Точнее, посмел усомниться! И посмел бороться за свои убеждения.
В нормальной стране другое мнение рождает всего лишь дискуссию. Но не у нас.
Началась бешеная травля. В ней приняли участие и достойнейшие люди, которые сами когда-то многое испытали. Эта травля сыграла свою роль в ранней смерти ученого.
Наблюдая неистовость обвинителей, я вспоминал слова Белинского о травле Чаадаева, в которой так же принимали участие достойнейшие люди, страстно обидевшиеся на «Философическое письмо».
«Что за обидчивость такая! Палками бьют — не обижаемся, в Сибирь посылают — не обижаемся… а тут Чаадаев, видите ли, народную честь зацепил — не смей говорить!.. Отчего же это в странах, больше образованных, где, кажется, чувствительность, должна быть развитее, чем в Калуге да Костроме, не обижаются словами?»

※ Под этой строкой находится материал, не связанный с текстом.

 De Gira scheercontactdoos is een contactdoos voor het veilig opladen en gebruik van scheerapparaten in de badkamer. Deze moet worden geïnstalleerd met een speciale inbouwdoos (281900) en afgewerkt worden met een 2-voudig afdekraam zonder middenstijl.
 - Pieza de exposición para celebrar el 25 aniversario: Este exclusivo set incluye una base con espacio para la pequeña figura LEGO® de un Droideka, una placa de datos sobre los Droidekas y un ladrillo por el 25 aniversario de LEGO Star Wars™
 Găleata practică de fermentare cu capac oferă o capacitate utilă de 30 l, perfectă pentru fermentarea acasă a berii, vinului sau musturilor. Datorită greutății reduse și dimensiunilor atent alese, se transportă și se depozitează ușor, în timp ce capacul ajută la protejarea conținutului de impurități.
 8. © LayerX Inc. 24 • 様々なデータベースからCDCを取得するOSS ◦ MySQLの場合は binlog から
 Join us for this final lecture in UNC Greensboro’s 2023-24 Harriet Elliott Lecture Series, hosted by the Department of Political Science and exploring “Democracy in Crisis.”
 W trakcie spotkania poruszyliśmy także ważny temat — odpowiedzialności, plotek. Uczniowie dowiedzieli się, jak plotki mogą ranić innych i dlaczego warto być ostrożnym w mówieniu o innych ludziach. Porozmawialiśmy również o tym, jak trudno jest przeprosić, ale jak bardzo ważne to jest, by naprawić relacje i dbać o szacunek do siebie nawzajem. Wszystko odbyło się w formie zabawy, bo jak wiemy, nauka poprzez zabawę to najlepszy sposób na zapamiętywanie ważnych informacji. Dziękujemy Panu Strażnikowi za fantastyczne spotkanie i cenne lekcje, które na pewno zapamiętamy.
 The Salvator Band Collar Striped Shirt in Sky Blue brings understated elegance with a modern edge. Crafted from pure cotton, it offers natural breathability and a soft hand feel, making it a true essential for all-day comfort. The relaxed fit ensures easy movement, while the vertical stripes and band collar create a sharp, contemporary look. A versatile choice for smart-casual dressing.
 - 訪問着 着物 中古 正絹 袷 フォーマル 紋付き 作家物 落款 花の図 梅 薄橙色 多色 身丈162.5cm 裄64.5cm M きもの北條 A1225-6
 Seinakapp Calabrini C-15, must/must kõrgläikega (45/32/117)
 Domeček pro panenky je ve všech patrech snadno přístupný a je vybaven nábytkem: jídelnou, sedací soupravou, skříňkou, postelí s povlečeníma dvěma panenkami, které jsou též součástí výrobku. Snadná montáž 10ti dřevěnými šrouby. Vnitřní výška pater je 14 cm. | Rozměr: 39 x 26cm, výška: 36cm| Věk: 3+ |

Впрочем, за посмертную судьбу Зимина можно было быть спокойным. Ибо в России вслед за холуйским негодованием непременно следует холуйское подобострастие к тому, кто осмелился перестать быть рабом. В нашем обществе есть давний закон: все обиженные правительством становятся желанны и почетны… как только страсти поутихнут и опасность пройдет.
Цитаты
В той, советской, исторической науке существовала вещь, которая была мне глубоко противна. В любом исследовании должны были быть обязательные цитаты из классиков марксизма-ленинизма. Так что вся работа как бы становилась рабским доказательством этих цитат.
Цитаты из большевистских евангелий освещали и повседневную жизнь. В бесчисленных Домах культуры Ильич весьма часто учил со стен: «Искусство должно быть понятно народу!» Святая фраза, считавшаяся столь же непреложной, как «голубое небо». Она была камнем, на котором стояла идеология искусства шестой части света — социалистического реализма.
Как-то ночью, в половине второго, меня разбудил тревожный звонок. Звонил главный режиссер Театра имени Моссовета Юрий Александрович Завадский.
О нем мы еще поговорим дальше. Он был в самой что ни на есть ажитации. На восьмом десятке он сделал невероятное открытие, буквально перевернувшее все его мировоззрение. Он открыл подлинную цитату Ильича.